▶ _Work instructions_: As soon as the line containing "Realistic faux botanicals" appears in the material below, start returning lines exactly, and end with the line containing "步骤3、桔子,山楂是汁水出锅时切的,到了香蕉的时候有点要凝固了,所以卖相不好。".
───── Available data
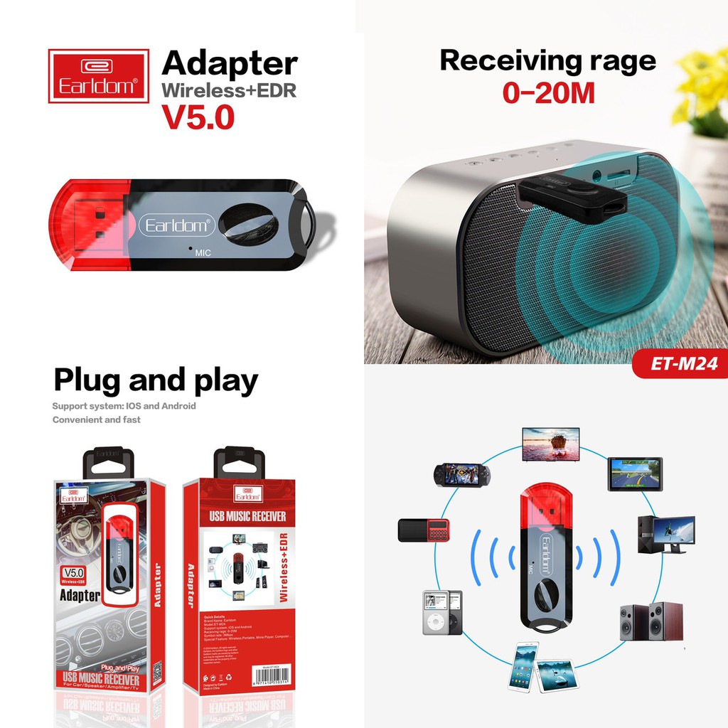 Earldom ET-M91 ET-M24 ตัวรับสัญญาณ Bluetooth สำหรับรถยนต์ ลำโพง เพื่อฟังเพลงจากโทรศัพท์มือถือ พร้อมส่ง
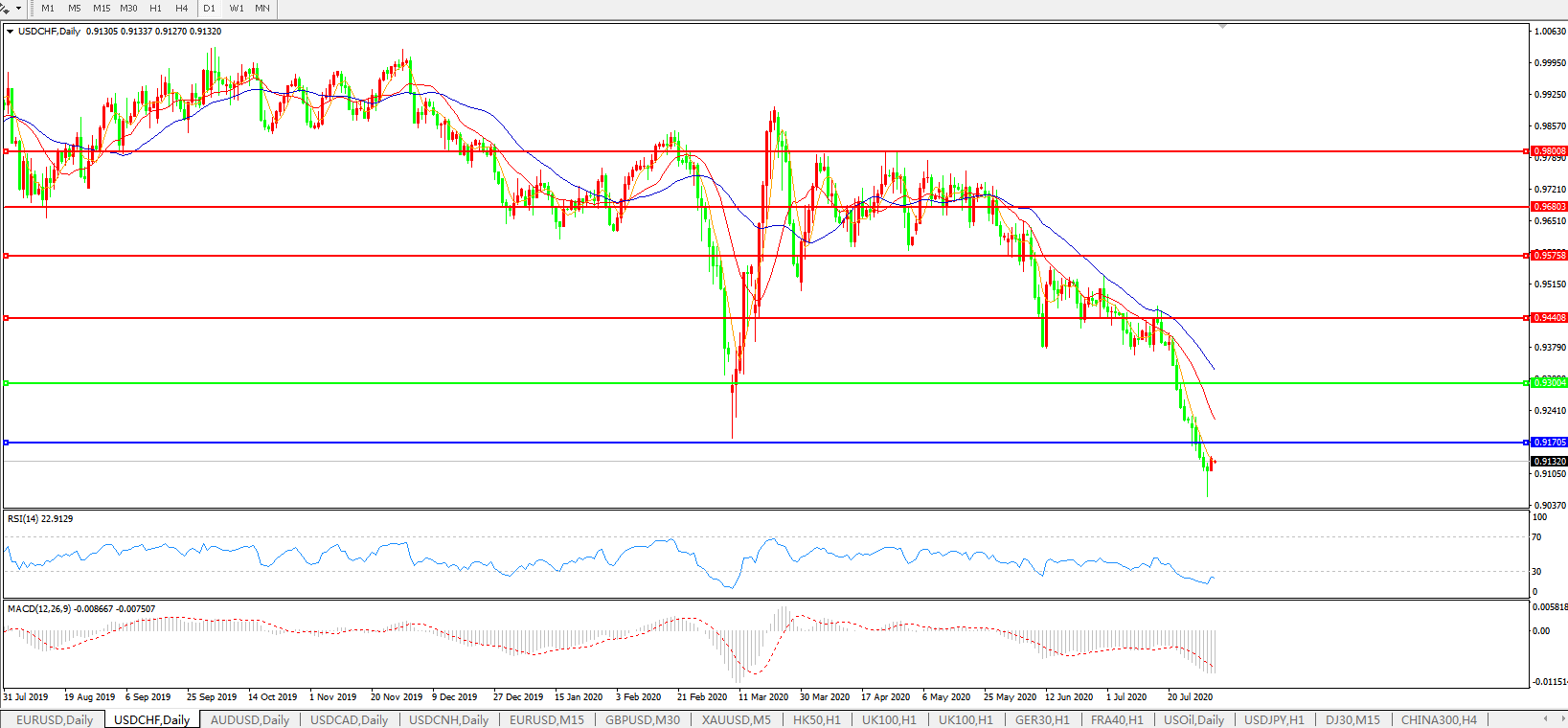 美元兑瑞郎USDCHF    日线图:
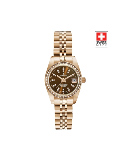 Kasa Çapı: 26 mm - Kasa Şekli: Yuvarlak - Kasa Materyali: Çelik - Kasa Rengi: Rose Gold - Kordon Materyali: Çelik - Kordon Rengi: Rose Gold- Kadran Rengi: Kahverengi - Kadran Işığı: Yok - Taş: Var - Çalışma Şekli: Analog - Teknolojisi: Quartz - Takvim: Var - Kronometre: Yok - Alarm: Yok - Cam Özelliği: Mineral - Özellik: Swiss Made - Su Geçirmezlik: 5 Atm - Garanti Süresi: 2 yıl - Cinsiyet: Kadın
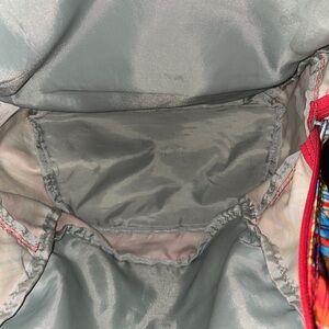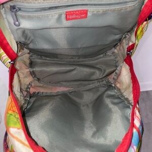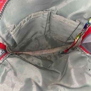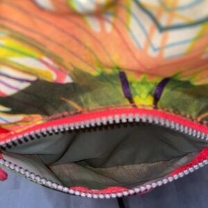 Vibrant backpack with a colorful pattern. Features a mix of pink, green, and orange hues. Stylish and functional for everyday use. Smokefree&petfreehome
──────────
───── Available data
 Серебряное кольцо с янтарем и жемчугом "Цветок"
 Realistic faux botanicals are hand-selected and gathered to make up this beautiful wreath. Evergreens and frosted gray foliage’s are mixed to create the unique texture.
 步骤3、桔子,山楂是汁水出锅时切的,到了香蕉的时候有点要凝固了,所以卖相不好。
──────────
▶ _Response to this task_:
 Realistic faux botanicals are hand-selected and gathered to make up this beautiful wreath. Evergreens and frosted gray foliage’s are mixed to create the unique texture.
 步骤3、桔子,山楂是汁水出锅时切的,到了香蕉的时候有点要凝固了,所以卖相不好。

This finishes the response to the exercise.